Для набора мышечной массы после пробежки рекомендуется есть молочные продукты, бобовые и яйца. Растительная пища, богатая сложными углеводами, больше подойдет для завтрака, так как она дает больше энергии, но переваривается медленнее.

Регуляция сердечного ритма

Утренняя пробежка полезна для сердца, ведь она тренирует сердечную мышцу. Получить максимальную пользу от бега можно измеряя свой пульс во время пробежки. Таким образом, можно узнать какой эффект оказывают упражнения. Минимальный пульс для достижения оздоровительного эффекта рассчитывается по формуле: (максимальный пульс + возраст)*60%.

Средним показателем максимального пульса принято считать 220 ударов в минуту.

Количество сердечных сокращений от максимального пульса делится на зоны: 50-60% – разминочная зона; 60-70% – зона оздоровительная, которая способствует эффективному сжиганию жира; 70-80% – зона усиленного потребления кислорода (аэробная); 80-90% – это анаэробная зона, чаще всего используемая в силовых тренировках.

Просчитав заранее количество сердечных сокращений для той или иной зоны тренировки, во время пробежки можно регулировать свой темп, чтобы избежать вреда от утреннего бега.

Видео о пользе бега по утрам

Техника утреннего бега

Бегать по утрам необходимо регулярно и соблюдая правильную технику:

  1. Бежать нужно сохраняя ритмичное дыхание, оно не должно сбиваться.

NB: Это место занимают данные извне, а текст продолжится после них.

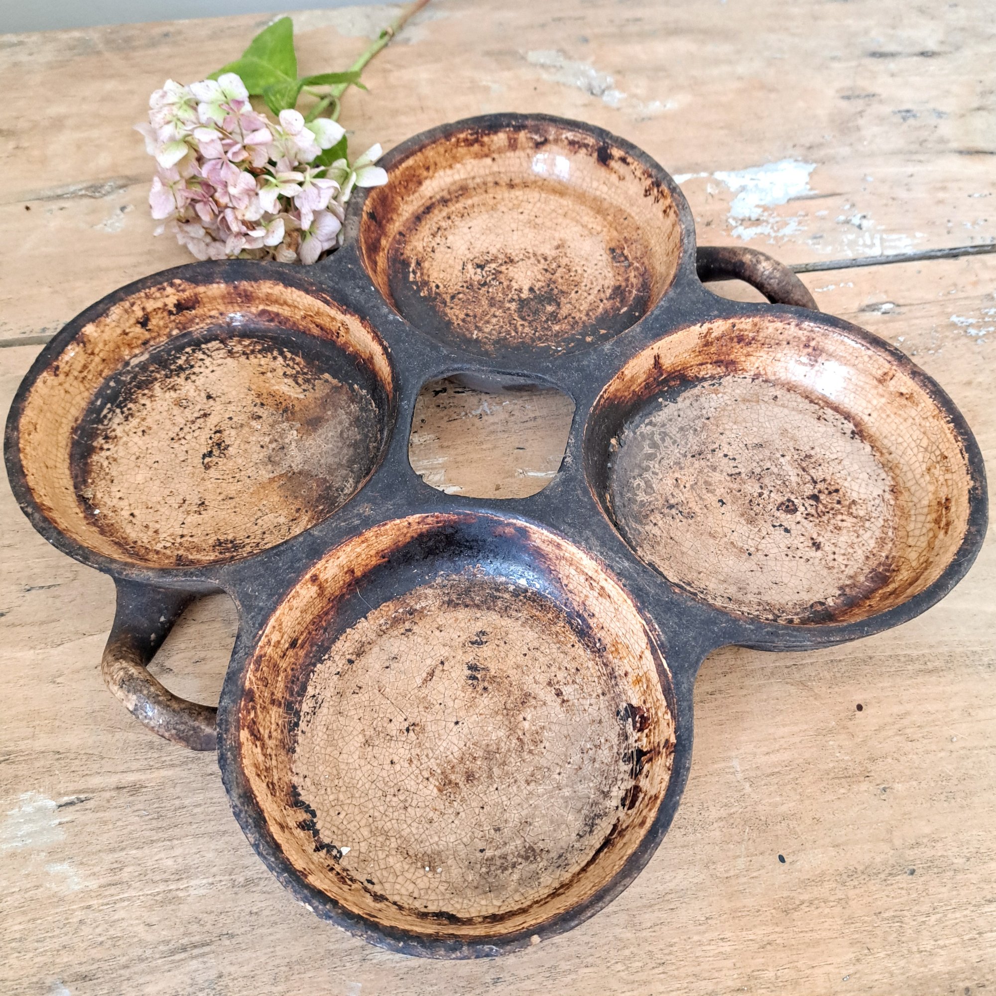 Stunning Worn Antique Pancake Dish

Новичкам рекомендуется делать вдох носом, а выдох ртом. Придерживаясь равномерного темпа дыхания легкие активно насыщаются кислородом, что позволяет дольше сохранять энергию.
  2. При беге наступать необходимо на пятку с плавным перекатом на носок, шаги должны быть тихими.
  3. Руки необходимо расслабить и держать в районе талии, равномерно размахивая ими в такт движения ног.
  4. Спину следует держать прямо, расправив грудную клетку и не допускать сутулости, так как это даст лучшую циркуляцию крови по организму.

Начинать утренние пробежки желательно с 2-3 км в день. Сразу долго бегать по утрам вредно. Резкие большие нагрузки могут привести к болевым ощущениям в мышцах и чрезмерному напряжению сердца.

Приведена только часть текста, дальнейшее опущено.